## Task
The answer must consist only of the lines from the line with "Lila Chiffonstoff mit Blumenmuster" to the line with "Însemnări: ’’Tanti Cismaru.", both included, exactly as they stand below.

## Input for this task

+++

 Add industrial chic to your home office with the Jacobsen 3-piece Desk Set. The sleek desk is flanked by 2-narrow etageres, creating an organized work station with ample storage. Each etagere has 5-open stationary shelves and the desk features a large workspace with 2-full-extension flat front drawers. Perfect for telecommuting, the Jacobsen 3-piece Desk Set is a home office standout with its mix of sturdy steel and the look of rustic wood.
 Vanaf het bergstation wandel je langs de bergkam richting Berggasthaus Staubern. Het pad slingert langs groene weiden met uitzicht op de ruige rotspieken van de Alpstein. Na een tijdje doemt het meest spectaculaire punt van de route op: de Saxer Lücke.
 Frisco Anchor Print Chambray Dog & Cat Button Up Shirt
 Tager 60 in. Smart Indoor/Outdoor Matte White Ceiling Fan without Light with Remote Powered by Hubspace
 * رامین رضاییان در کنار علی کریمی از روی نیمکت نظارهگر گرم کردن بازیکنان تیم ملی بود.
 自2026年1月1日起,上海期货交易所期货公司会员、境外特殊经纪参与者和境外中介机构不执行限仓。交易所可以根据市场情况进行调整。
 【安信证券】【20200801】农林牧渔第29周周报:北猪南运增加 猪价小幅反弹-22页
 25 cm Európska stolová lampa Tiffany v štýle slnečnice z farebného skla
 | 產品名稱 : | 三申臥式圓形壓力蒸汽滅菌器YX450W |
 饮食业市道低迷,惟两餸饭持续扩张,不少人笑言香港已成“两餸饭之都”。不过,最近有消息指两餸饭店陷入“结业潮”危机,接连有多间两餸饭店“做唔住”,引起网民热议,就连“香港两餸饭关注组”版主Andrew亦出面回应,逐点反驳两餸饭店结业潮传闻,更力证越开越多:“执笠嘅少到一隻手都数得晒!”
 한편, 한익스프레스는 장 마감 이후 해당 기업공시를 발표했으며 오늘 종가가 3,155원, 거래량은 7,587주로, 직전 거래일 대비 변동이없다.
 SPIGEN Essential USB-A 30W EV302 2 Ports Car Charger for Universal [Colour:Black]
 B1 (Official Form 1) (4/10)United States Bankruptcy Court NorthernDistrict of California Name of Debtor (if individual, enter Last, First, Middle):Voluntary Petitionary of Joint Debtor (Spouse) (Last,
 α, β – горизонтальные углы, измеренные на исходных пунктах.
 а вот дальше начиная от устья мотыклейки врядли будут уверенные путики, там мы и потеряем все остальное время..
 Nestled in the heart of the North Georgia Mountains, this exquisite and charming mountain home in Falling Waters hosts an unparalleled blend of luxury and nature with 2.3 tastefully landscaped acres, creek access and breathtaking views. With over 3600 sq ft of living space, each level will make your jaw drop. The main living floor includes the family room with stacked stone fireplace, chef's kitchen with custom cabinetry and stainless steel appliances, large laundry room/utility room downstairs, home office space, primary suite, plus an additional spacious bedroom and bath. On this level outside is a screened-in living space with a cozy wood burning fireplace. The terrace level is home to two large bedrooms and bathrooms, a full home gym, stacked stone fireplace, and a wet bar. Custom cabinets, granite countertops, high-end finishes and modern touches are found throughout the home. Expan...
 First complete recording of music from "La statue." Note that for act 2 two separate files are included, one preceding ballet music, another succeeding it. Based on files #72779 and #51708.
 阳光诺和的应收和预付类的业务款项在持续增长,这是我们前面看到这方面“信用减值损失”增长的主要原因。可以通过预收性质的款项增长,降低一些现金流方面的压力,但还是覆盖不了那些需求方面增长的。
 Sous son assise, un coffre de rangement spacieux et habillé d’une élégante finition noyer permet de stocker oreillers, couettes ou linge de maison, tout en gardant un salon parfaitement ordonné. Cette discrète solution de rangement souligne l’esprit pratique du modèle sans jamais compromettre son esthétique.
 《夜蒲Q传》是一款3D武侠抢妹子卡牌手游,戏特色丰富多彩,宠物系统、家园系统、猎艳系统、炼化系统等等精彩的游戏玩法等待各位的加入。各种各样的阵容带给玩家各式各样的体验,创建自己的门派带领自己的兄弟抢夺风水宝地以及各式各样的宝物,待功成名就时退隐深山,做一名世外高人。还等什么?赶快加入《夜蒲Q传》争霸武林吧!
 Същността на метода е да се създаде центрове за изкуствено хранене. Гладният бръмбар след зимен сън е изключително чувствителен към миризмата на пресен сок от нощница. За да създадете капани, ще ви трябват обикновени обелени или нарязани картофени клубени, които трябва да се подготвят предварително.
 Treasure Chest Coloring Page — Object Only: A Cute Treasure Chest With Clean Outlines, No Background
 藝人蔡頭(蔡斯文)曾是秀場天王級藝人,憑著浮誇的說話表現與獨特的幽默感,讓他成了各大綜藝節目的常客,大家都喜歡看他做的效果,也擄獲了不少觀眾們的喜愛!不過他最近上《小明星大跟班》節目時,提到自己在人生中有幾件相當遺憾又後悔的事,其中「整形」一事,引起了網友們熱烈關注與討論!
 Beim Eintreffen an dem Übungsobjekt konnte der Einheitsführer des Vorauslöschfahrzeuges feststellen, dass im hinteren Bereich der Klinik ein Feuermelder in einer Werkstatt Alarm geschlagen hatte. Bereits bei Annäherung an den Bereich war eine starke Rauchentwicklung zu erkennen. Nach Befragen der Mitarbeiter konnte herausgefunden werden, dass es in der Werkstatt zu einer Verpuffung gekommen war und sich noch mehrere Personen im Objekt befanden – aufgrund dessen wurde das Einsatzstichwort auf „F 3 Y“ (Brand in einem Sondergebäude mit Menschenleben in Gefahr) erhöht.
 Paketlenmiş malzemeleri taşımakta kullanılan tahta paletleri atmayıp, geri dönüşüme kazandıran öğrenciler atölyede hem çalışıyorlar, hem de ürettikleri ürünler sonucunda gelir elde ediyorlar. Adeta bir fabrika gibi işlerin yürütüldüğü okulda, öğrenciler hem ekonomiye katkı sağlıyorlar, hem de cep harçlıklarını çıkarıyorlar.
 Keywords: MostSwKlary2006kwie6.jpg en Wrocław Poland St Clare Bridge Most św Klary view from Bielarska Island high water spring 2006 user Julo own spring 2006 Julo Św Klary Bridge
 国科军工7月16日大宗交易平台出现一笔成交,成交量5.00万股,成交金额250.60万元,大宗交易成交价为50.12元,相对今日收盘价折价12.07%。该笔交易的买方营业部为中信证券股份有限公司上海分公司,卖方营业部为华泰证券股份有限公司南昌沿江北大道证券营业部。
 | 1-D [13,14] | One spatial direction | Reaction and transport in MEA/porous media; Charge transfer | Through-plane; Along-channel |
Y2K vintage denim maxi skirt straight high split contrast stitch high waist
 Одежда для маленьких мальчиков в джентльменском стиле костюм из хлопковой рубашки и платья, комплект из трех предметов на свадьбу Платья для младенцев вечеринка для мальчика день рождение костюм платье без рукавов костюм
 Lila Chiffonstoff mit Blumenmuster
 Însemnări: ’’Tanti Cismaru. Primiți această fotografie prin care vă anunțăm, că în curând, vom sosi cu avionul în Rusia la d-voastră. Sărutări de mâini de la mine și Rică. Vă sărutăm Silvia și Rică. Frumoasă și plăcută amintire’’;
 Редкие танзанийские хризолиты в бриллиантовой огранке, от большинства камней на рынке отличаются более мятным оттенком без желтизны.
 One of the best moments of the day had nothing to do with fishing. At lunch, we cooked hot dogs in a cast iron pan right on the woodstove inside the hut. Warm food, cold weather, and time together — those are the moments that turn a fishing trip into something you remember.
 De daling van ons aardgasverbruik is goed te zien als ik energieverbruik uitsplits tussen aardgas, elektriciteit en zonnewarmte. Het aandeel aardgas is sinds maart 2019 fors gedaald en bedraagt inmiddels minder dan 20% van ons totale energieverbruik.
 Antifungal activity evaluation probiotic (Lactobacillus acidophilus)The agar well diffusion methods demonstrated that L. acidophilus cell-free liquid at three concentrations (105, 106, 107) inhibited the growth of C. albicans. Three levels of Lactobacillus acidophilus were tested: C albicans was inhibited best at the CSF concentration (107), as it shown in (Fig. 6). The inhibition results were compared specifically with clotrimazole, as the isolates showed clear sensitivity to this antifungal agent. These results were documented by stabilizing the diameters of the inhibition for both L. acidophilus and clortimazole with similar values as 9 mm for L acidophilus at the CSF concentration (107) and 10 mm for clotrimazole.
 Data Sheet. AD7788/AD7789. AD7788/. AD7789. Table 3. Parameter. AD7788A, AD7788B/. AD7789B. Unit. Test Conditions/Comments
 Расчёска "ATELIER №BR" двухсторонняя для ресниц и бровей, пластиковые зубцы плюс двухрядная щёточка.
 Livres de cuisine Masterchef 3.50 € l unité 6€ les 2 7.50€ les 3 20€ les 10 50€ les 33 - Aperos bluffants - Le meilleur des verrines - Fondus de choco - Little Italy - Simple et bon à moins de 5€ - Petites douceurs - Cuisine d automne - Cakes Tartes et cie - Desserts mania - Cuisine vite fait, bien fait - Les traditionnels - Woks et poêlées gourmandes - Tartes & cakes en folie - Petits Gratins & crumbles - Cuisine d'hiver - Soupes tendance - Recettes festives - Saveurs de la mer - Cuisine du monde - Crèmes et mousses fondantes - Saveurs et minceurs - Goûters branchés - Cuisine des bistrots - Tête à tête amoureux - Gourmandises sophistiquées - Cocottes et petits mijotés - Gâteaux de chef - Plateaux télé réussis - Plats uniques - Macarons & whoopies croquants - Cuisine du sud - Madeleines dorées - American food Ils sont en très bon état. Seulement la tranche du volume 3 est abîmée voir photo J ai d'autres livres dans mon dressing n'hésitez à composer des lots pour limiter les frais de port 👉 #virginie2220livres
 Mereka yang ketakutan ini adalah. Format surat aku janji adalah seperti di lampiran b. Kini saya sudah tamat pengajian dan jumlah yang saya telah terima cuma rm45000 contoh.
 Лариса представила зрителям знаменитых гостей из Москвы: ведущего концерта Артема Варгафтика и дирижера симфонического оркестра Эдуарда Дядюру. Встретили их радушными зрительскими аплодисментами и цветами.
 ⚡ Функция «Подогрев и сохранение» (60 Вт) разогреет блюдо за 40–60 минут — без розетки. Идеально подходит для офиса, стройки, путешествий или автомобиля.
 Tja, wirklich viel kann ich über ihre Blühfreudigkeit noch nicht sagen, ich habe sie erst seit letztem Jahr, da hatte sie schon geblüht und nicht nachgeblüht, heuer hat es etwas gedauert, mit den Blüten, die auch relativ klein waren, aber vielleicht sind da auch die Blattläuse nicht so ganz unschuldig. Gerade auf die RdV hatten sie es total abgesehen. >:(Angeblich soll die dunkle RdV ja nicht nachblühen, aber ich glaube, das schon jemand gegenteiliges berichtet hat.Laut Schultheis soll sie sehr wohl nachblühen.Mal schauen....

+++

## Finished task
 Lila Chiffonstoff mit Blumenmuster
 Însemnări: ’’Tanti Cismaru. Primiți această fotografie prin care vă anunțăm, că în curând, vom sosi cu avionul în Rusia la d-voastră. Sărutări de mâini de la mine și Rică. Vă sărutăm Silvia și Rică. Frumoasă și plăcută amintire’’;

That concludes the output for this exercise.